Back to verses, 28 to 33, and here Jesus gives just two illustrations. We don’t have time to work through it in detail, verses 28 to 30 are about building. You get half way through a loft extension or building a great big skyscraper in the city of London, but if you have not got the money to put the roof on, and there is a snow storm on its way- that is not cool at all! Or verses 31 to 32 are about war time, you don’t get into a battle if you haven’t worked out your strategy first. Can we go all out for victory? Do we go the diplomacy route? In those instances you plan first and you count the cost. And the summary verse is there in verse 33, “Therefore any one of you who does not renounce all that he has cannot be my disciple.” Being a lifelong follower of Jesus is like the builder who gives up his money, he is like the king who gives up his planning, and he is like the professional sportsman spending hour after hour of brutal training, early mornings in the dark, in the wet, the cold. It means giving up the plans and dreams, the schemes, your money, your all for the sake of Christ, handing it over to Jesus and allowing his perfect and loving agenda and priority to take control. For Jesus must be followed completely.

Let’s try and wrap things up. It has been a very strange sales pitch from Jesus hasn’t it? ‘Rollup! Roll up! Come and die with me!’ Why is he saying it? Can’t he settle for more like Twitter, ‘Yes I’ll click ‘Follow Jesus’, I’ll follow him like I’ll follow anyone else.’ Why does he have to be so demanding? I think the answer is because he wants to save us. He knows that naturally the good things around us that we love, be that work or family or relationships or sex or money (which are all good things given to us by God) but when any of them becomes our first love, our supreme love, we are looking for them for salvation, but they enslave us. Chris Evert was one of the world’s best tennis players in the seventies and eighties. But she was petrified at facing retirement. She admitted, and I quote, ‘I had no idea who I was or what I could be away from tennis. I was depressed and afraid because so much of my life had been defined by my being a tennis champion. I was completely lost. Winning made me feel I was somebody. It made me feel pretty. It was like being hooked on a drug. I needed the wins, the applause, in order to have an identity.’ Tennis had become Chris Evert’s functional salvation. But it enslaved her. Maybe for you, you have to have to have the clothing, or the relationship, or the ‘Likes’ on your Facebook status, the followers on Twitter, the recognition, without them you are doomed. They have become your functional salvation. But they will enslave you yet. When Jesus calls us to follow him completely he says, ‘I am your salvation! I am your freedom!’

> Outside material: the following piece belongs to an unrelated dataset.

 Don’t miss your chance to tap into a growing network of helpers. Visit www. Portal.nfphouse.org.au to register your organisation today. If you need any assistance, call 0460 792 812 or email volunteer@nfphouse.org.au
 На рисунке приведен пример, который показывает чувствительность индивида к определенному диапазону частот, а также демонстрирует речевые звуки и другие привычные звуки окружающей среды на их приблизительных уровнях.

As the American writer Tim Keller says, ‘Jesus is the only God, who, if you get him, he will satisfy you. But if you fail him he will still forgive you.’ And necessarily taking hold of Jesus as No.1, will mean relinquishing our hold of a parent as our first love, or our child or our spouse, real or imaginary, or our girlfriend or our boyfriend, real or imaginary, or work or sport as Adam did, or music or anything else as No.1. It will mean ultimately letting go of yourself as No.1, in order to take hold of Jesus.

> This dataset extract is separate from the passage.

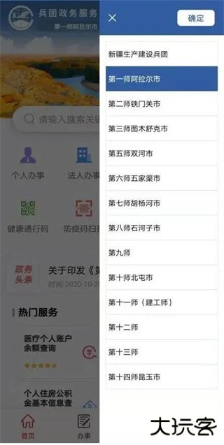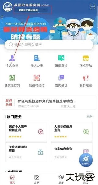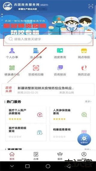1、注册并完成实名认证后,进入“兵政通”掌上APP首页,点击“新疆生产建设兵团”;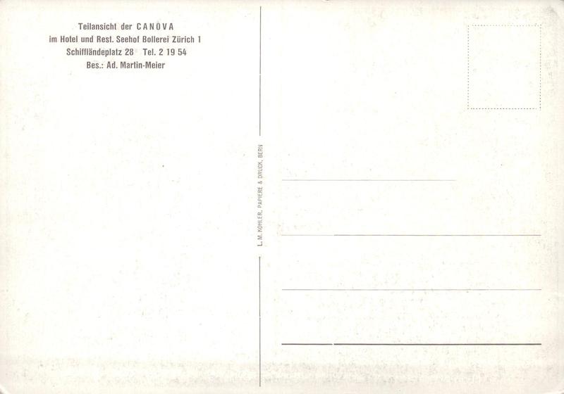 Zustandsbeschreibung der Ansichtskarte "Teilansicht der Canova im Hotel und Restaurant Seehof Bollerei, Zürich"

And friends the reason we want to do that, the reason we want to give up ourselves to follow Jesus completely, is because as we saw at the start Jesus is completely worth following. He loves us! He will never fail us. He will always, always forgive us, because supremely the one who calls us to give our all to him is the one who gave his all, who went to the cross, carried the cross – for us. So friends, can I urge you this evening to turn around and make Jesus your first love.